* PROBLEM STATEMENT:
Take the records below and set down exactly the lines from the one with "The first support" to the one with "Dans le but", ends included; do not copy the pictures.

[Start of section]

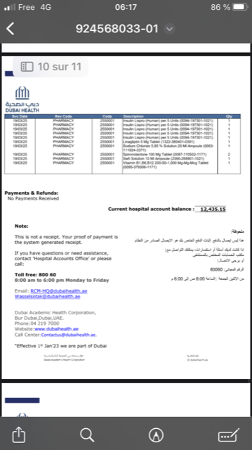 ✔ 12 000 AED (~3 300 USD) pour l’hôpital (encore impayés)
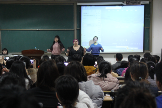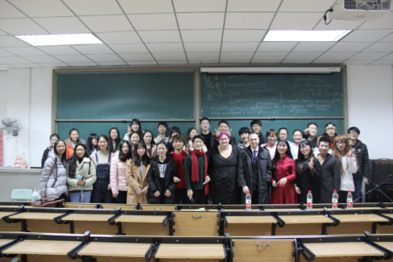 晚会以全英文为主,设计了许多精彩有趣的表演,舞蹈串烧、B-box和英文曲目歌唱作为暖场秀,主持人张瑞博(Rebecca)和汤睿(Charlie)活泼的主持风格也深得观众喜爱,不仅充分展示了专业特色,也点燃了现场观众的热情。晚会中也不乏精彩搞笑的节目,反串版《泰坦尼克号》和英文版《大话西游》话剧引得同学们笑声连连,掌声不断。期间外教Barbara的歌舞表演活泼可爱,赵军伟老师的日文歌曲演唱更将全场气氛推向高潮。复活乐队作为压轴出场,动感演唱让现场激情四射,同学们都纷纷打开手机闪光灯亮出一片“星星海”。晚会最后进行抽奖环节,幸运观众得到了外教精心准备的圣诞礼物。至此,晚会圆满落幕。
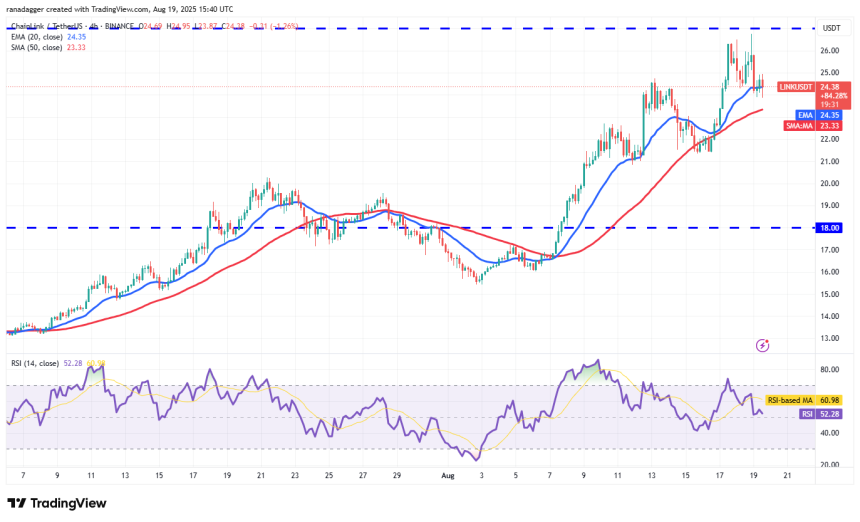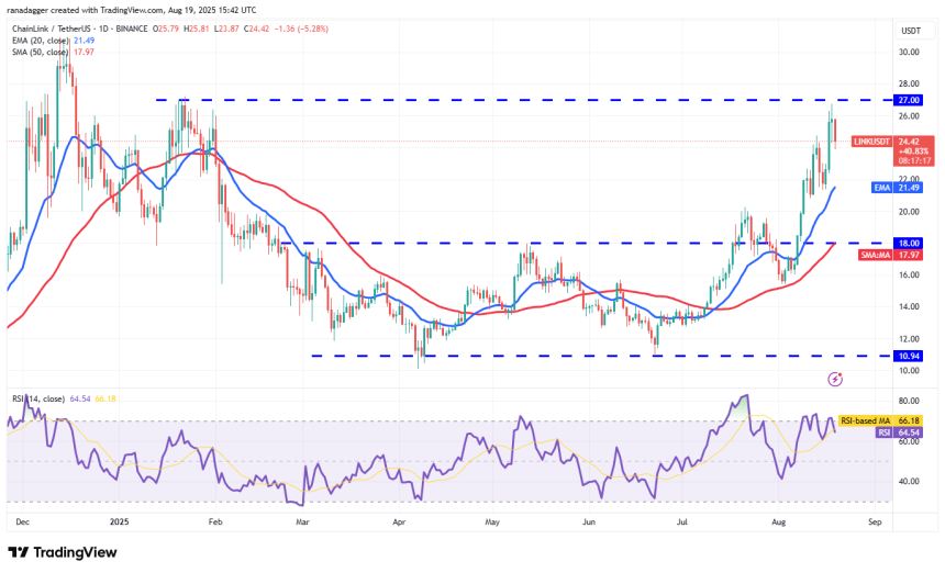 The first support is at $24 and then at the 20-day EMA ($21.49). A solid rebound off the 20-day EMA signals buying on dips. The bulls will then make one more attempt to overcome the barrier at $27. If they succeed, the LINK/USDT pair could surge to $31 and thereafter to $36.
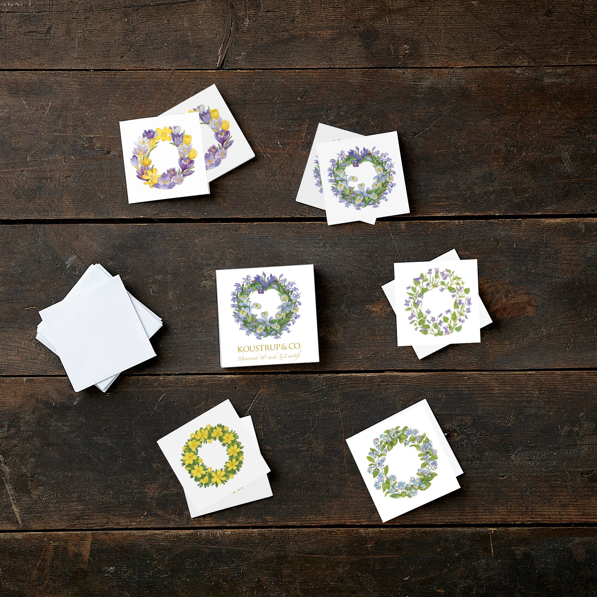 Square mini-cards with motifs of modern and atmospheric wreaths of beautiful flowers.
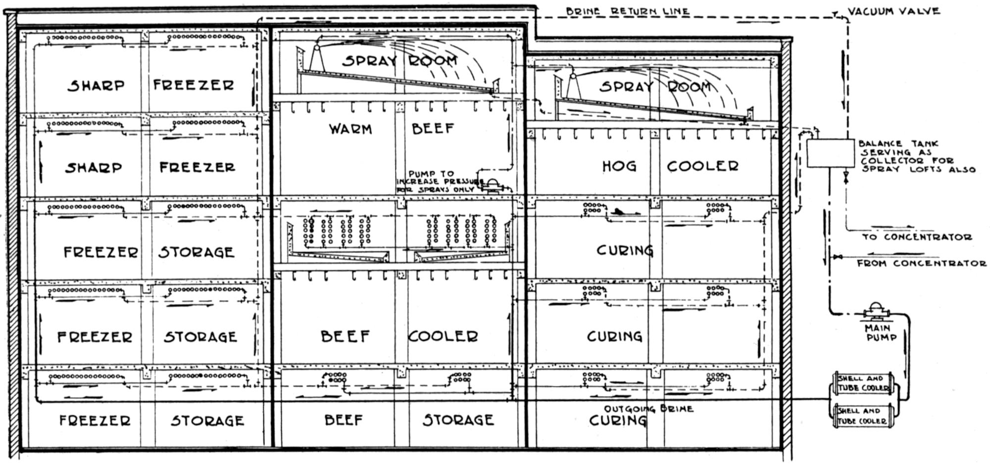 A general reference work on the design construction and equipment of modern meat packing and cold storage plants including refrigeration, insulation and other data.
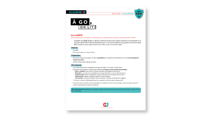 Dans le but de personnaliser votre expérience utilisateur, À GO, On Lit! utilise des témoins strictement nécessaires et des technologies similaires pour exploiter ce site. Voir les détails ici.
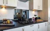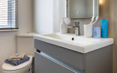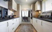 The Kingsdale is Pemberton’s flagship park home and is popular with an optional appealing Canexel and Stucco exterior, bay windows in a choice of 4 different colours and dual entrances with an open sight line from the hallway to the utility area. This home has been designed to free flow from one room to another but with the option to have a closed off lounge and a door from the hallway to the kitchen/utility. With a eye-catching mirrored splashback to the utility the large work surface is perfect for mixing cocktails for your guests. Both bedrooms have king size beds and stunning wardrobes complete with internal drawers and there is a walk through vanity area linking the en-suite to the master bedroom. Colours are elegantly neutral throughout, with a pop of burgundy in the lounge, and calming blue to the bedrooms.
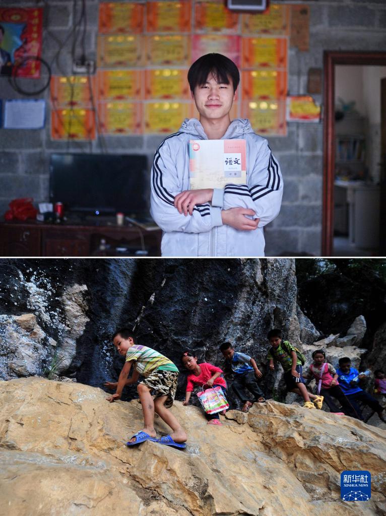 拼版照片:上圖為2023年1月26日,在大化瑤族自治縣板升鄉弄雷村,大化瑤族自治縣高級中學高二學生蒙文超站在家里,身后的墻上貼滿獎狀;下圖為2012年9月5日,在大化瑤族自治縣板升鄉弄雷村,7歲的蒙文超(左一)放學后爬懸崖回家。今年18歲的蒙文超最大的夢想是一年后考上理想的大學。
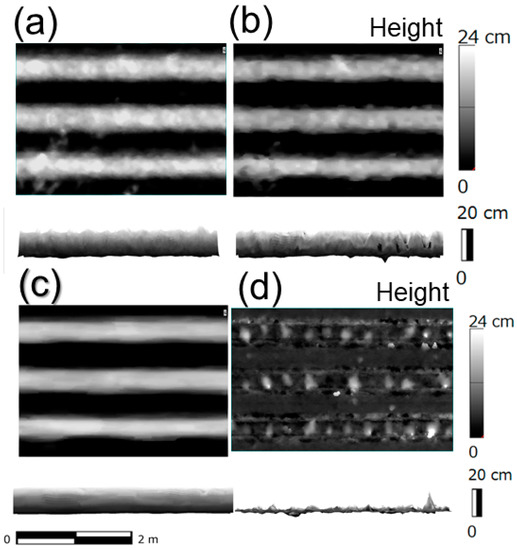 Figure 5b shows an example of DTM after 5 × 5 enlargement filter processing, which is shown in Figure 3D. The entire process is shown in Figure 1d. Note that top view images are shown in the upper part, and side view images are shown in the lower part. In Figure 5b, while plants and shadows are completely removed, large holes can be seen in DTMs because of the removal of the plant area and the enlargement filtering process. Figure 5c shows the result of median filtering to fill the holes. Although, median filtering was performed with N = 7 and M = 1, the unevenness of the ground surface could be reduced while leaving the shape of the ridges. Figure 5d is a plant height model (PHM) obtained by subtracting the DTM (Figure 5c) from the DSM (Figure 5a).
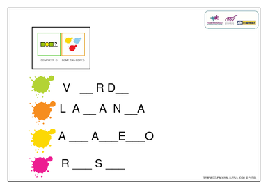 | Nº Visualizações: 956 Nº Pranchas Relacionadas: 6 Tipo: Word Prancha Dinâmica: NÃO Descrição: Atividade de completar a com a letra que está faltando. Atividade desenvolvida pelo projeto TO Brincando da UFRJ para o jogo 12 Potes. Nível: intermediário Autor: TObrincando Profissão: Universidade Federal do Rio de Janeiro E-mail: tobrincandoufrj@gmail.com | |||||||||
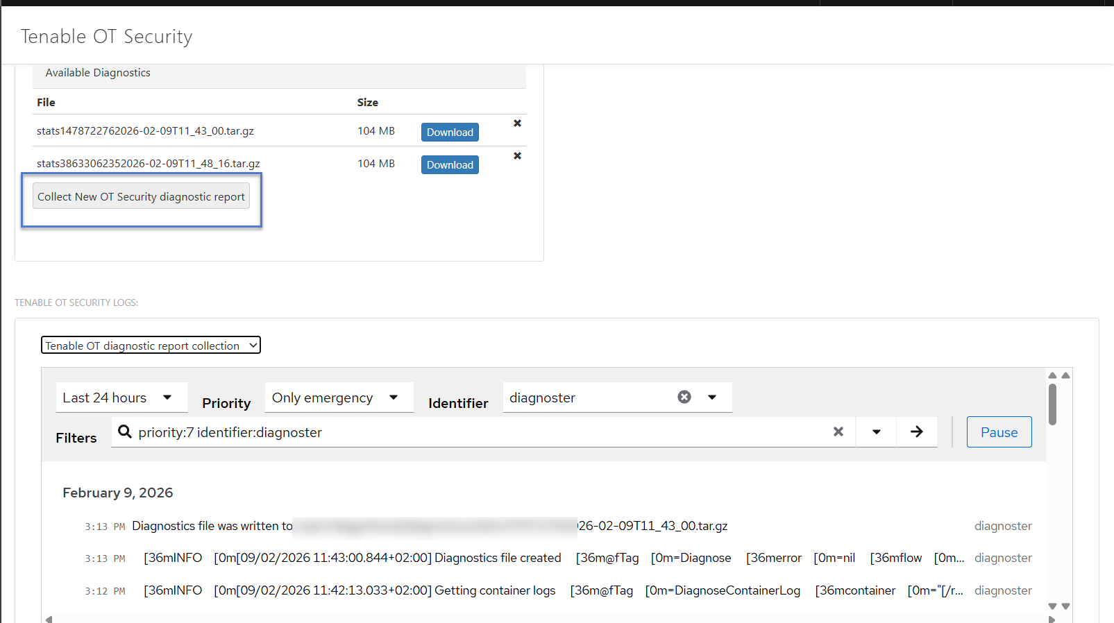 您可以从 Tenable Core 生成和导出特定于 Tenable OT Security 的诊断报告以进行故障排除。
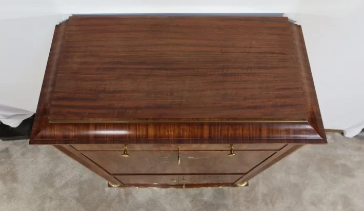 This quality furniture with refined mahogany veneer lines has in the upper part a drawer opening with two brass buttons slightly in a bowl.
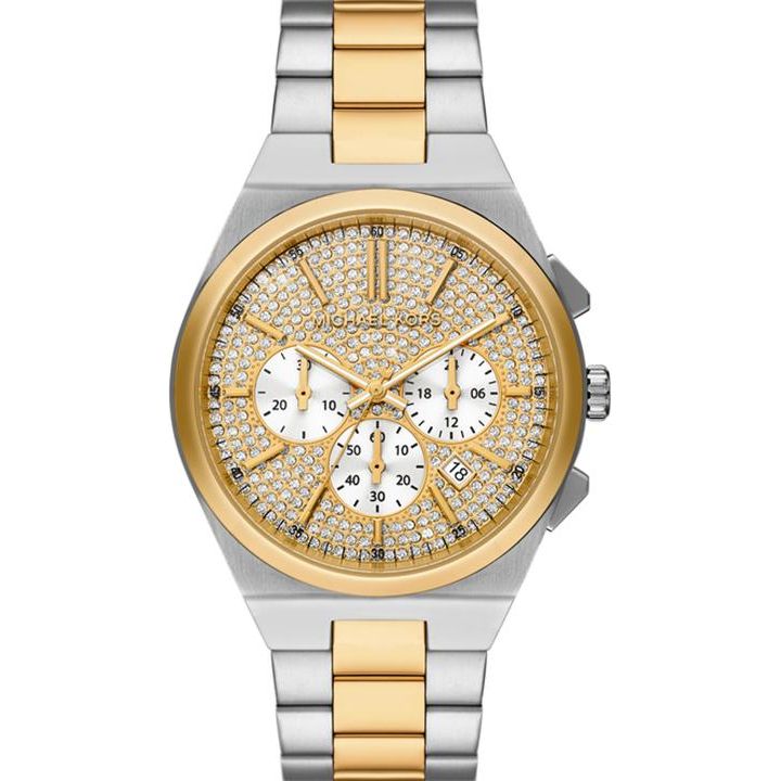 Michael Kors gift set includes a 33mm Lennox watch featuring a gold dial, three hand movement and two tone stainless steel bracelet and a 41mm Lennox watch featuring a gold dial, chronograph movement and two tone stainless steel bracelet. Amaze everyone around you by wearing this womens analog watch from the collection by Michael Kors. The gold round dial is protected by a mineral glass. It features a crown for time adjustment.
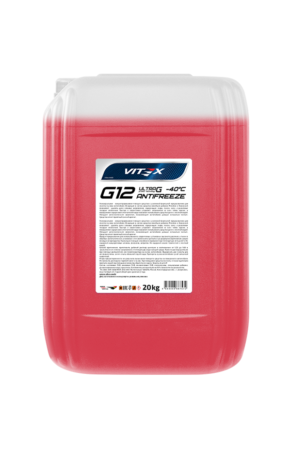 | Наименование | Жидкость охлаждающая низкозамерзающая Antifreeze Vitex Ultra G12 -40 20 кг |

[End of section]

* REPLY:
 The first support is at $24 and then at the 20-day EMA ($21.49). A solid rebound off the 20-day EMA signals buying on dips. The bulls will then make one more attempt to overcome the barrier at $27. If they succeed, the LINK/USDT pair could surge to $31 and thereafter to $36.
 Square mini-cards with motifs of modern and atmospheric wreaths of beautiful flowers.
 A general reference work on the design construction and equipment of modern meat packing and cold storage plants including refrigeration, insulation and other data.
 Dans le but de personnaliser votre expérience utilisateur, À GO, On Lit! utilise des témoins strictement nécessaires et des technologies similaires pour exploiter ce site. Voir les détails ici.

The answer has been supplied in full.